Question

The voltage rating of a parallel plate capacitor is 500V. Its dielectric can withstand a maximum electric field of 10⁶ V/m. The plate area is 10^-4 m². What is the dielectric constant if the capacitance is 15 pF?

(given ε₀ = 8.86 × 10^-12 C²/Nm²)

पर्याय

• 3.8

• 8.5

• 4.5

• 6.2

Answer 1

8.5

Explanation:

Given: A parallel plate capacitor has a voltage rating of V = 500V, a dielectric strength of E = 10⁶ V/m, an area of the capacitor plate of A = 10^-4 m², and a capacitance of C = 15 pF, ε₀ = 8.86 × 10^-12 C²/Nm².

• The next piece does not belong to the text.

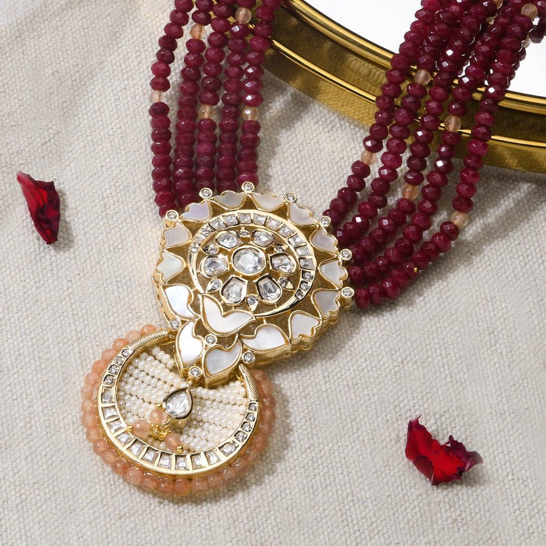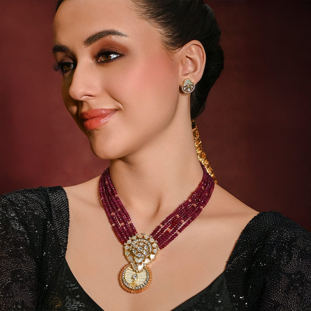 We use 22K Micron Gold Plating on brass, paired with high quality pearls, precious carved beads, semi precious stones, intricately hand painted with enamel, exquisite high quality pearls and high quality kundan that are celebrated for their durability and refinement - making every Joules by Radhika creation a piece that radiates brilliance and sophistication.

To find: K, The dielectric constant of the dielectric material used between the plates of the given capacitor.

Parallel plate capacitor capacitance:

`C = (ε_0KA)/d`

K = `(Cd)/(ε_0A)` ........(i)

In equation (i) d represents the distance between the capacitor's plates.

About the applied voltage and dielectric power:

`d = V/E` ......(ii)

Substitute the following from equation (ii) in equation (i):

K = `C/(ε_0A)(V/E)` .................(iii)

K = `(15 xx 10^-12)/(8.86 xx 10^-12 xx 10^-4) xx (500/10^6) ≈ 8.5`